Ideally, the sampling frame should fully represent the target population—including all units that belong to it and excluding any that do not. However, in practice, sampling frames are often incomplete, outdated, or may contain duplicates or ineligible units. For more, see Section 1.2 of Lohr (2021).

In this tutorial, we do not address how to construct a high-quality sampling frame or assess its completeness and accuracy. Instead, we focus on how to use svy to select samples for a survey.

This tutorial utilizes a two-stage cluster sampling design. The sampling process consists of two stages:

First Stage: We select Primary Sampling Units (PSUs), which are geographic clusters of households that cover the entire country without overlap. These PSUs are be selected using probability proportional to size (PPS) without replacement, meaning larger clusters have a higher chance of being included.

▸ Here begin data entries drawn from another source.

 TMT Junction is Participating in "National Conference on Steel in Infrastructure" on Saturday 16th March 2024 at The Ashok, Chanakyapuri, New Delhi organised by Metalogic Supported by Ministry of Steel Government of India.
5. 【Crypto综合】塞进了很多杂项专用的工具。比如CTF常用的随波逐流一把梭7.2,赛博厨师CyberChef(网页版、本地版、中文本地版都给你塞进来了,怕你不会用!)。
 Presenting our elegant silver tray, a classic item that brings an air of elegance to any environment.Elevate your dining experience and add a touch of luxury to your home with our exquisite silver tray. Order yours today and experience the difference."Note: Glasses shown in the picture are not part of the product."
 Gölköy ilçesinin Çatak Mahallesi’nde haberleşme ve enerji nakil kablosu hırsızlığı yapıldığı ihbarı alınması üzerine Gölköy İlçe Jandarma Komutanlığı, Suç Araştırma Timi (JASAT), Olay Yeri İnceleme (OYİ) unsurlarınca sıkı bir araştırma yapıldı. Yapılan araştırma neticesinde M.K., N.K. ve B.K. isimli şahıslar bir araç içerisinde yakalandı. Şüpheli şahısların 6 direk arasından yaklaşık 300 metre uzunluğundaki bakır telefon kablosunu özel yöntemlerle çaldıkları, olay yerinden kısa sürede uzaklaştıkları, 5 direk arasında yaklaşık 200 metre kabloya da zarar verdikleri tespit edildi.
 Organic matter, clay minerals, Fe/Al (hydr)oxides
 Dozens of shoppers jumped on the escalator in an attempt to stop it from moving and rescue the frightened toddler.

Second Stage: Within each selected PSU, we then select households, or Secondary Sampling Units (SSUs), using simple random sampling without replacement.

First Stage: Selection of PSUs

As noted earlier, we use the World Bank synthetic population for an imaginary country to illustrate the sample-selection workflow. We begin by loading the enumeration-area (EA) frame, the listing of all primary sampling units (PSUs) in the target population. The EA frame was derived from the population data, and we intentionally perturbed the number of EAs per cluster to mirror a common reality: frames built from an earlier census are often out of date by the time a survey is fielded.

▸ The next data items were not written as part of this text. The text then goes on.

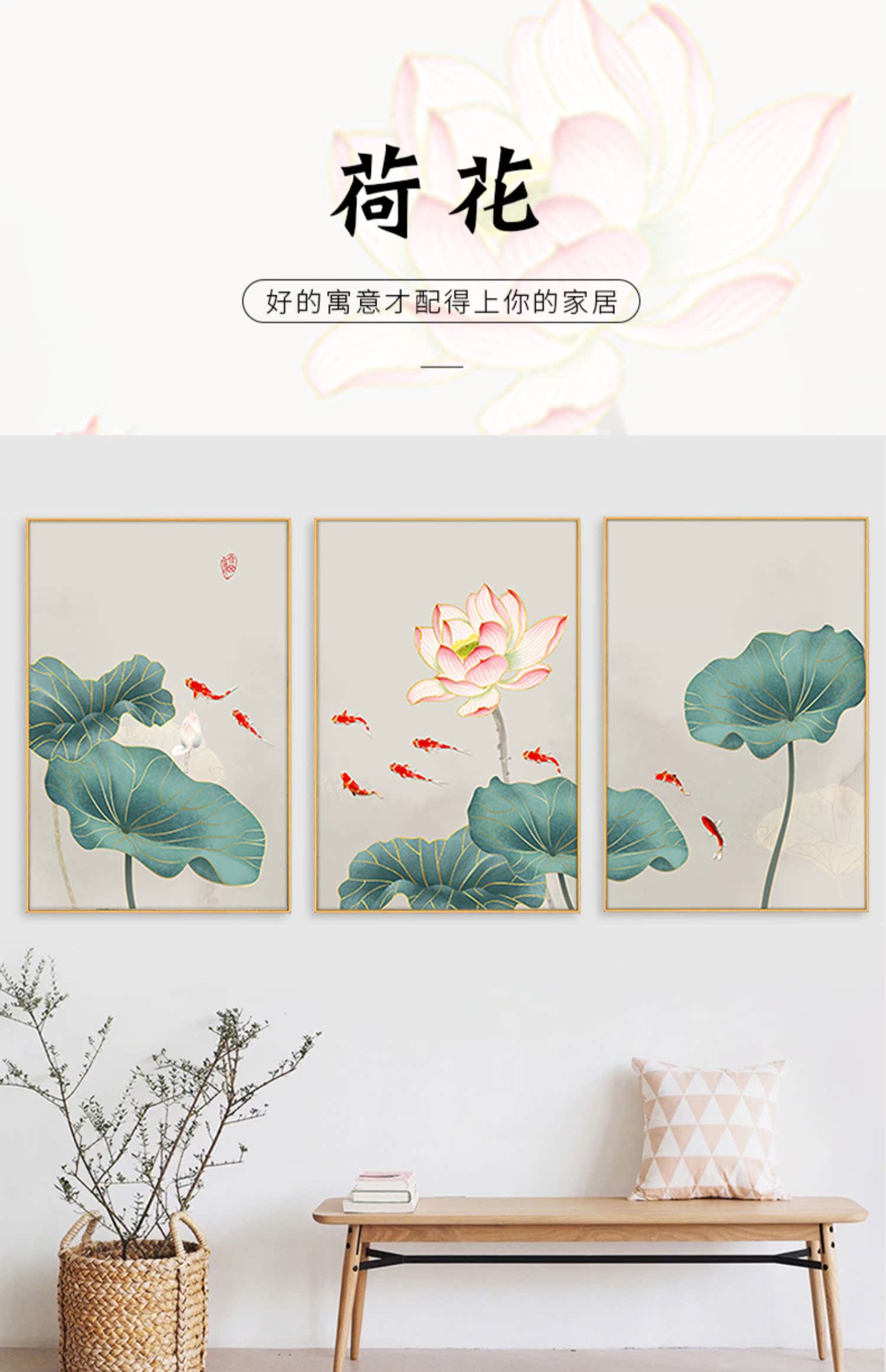 荷花十字繡2022新款三聯畫九魚圖中式線繡客廳大氣簡單2023自己繡
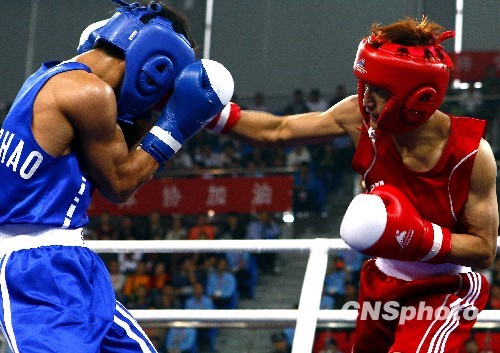 10月26日,十一届全运会拳击比赛在山东交通学院体育馆举行,最引人瞩目的48KG级别决赛中,北京奥运会冠军贵州选手冠军邹市明(红)以24:3轻松战胜了广东选手黎家赵(蓝)。中新社发 刘震 摄
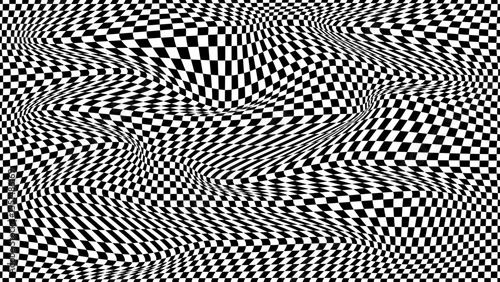 Futuristic checkerboard wave. Abstract vector wave with moving squares. Chess board black and white background.
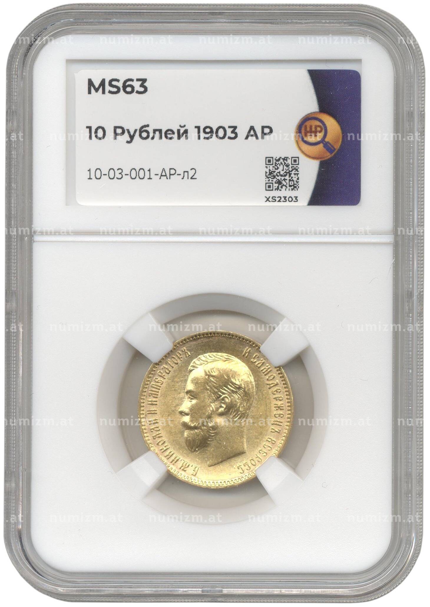 Купить 10 рублей 1903 года (АР) — в слабе ННР (MS63) по привлекательной цене можно в нашем интернет-магазине — Вам достаточно оформить заказ на сайте. Все монеты, представленные в каталоге, находятся в наличии на нашем складе.
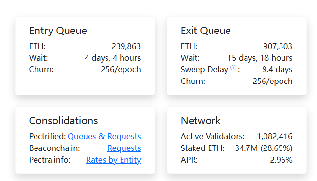 Beaconch.in数据显示,目前以太币的退出队列中已有超过90万枚以太币在等待赎回,等待时间也被拉长至15天18个小时,创下历史新高。
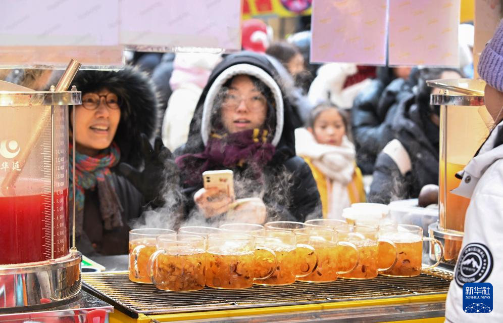 1月28日,在哈尔滨市红专街早市,游客在购买冰糖雪梨。
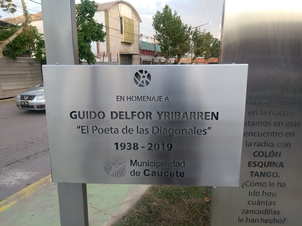 Bueno, en ese momento, me comuniqué con Miriam y nos pusimos manos a la obra. Mirian se contactó con Delfor, hijo de Guido, y luego concretamos una reunión donde nos entregó la documentación que necesitábamos para fundamentar las gestiones pertinentes. Miriam lo fue coordinando con el área de Cultura de la Municipalidad de Caucete hasta que la idea llega a la Intendenta Romina Rosas quien toma un gran interés por el tema. Esto nos permite brindarle nuestra gratitud por hacer posible la concreción de la placa en homenaje a Guido Iribarren en la Diagonal de Caucete cuyo denominación artística definía a Guido Iribarren como "El poeta de las diagonales".

SVY_PRINT_WIDTH = 65  # Set the rich console with
import numpy as np

from svy import load_dataset

ea_frame = load_dataset(name="ea_frame_wb_2023", limit=None)

print(ea_frame.head(5))
shape: (5, 5)
┌────────┬───────────┬────────┬───────┬───────────────┐
│ geo1   ┆ geo2      ┆ urbrur ┆ ea    ┆ n_hlds_census │
│ ---    ┆ ---       ┆ ---    ┆ ---   ┆ ---           │
│ str    ┆ str       ┆ str    ┆ i64   ┆ i64           │
╞════════╪═══════════╪════════╪═══════╪═══════════════╡
│ geo_01 ┆ geo_01_01 ┆ Urban  ┆ 11001 ┆ 265           │
│ geo_01 ┆ geo_01_01 ┆ Urban  ┆ 11002 ┆ 466           │
│ geo_01 ┆ geo_01_01 ┆ Urban  ┆ 11003 ┆ 443           │
│ geo_01 ┆ geo_01_01 ┆ Urban  ┆ 11004 ┆ 500           │
│ geo_01 ┆ geo_01_01 ┆ Urban  ┆ 11005 ┆ 455           │
└────────┴───────────┴────────┴───────┴───────────────┘
import polars as pl

print(f"The number of clusters is {ea_frame.shape[0]}")

print(
    f"The average cluster size is {round(ea_frame['n_hlds_census'].mean(), 1)}"
)
The number of clusters is 5940
The average cluster size is 374.1

In the imaginary country, geo_01 contains only urban areas, whereas the other regions include both urban and rural areas. We stratify by admin-1 and residence type, sample clusters with probability proportional to size based on the number of households, and then interview 20 households per selected cluster.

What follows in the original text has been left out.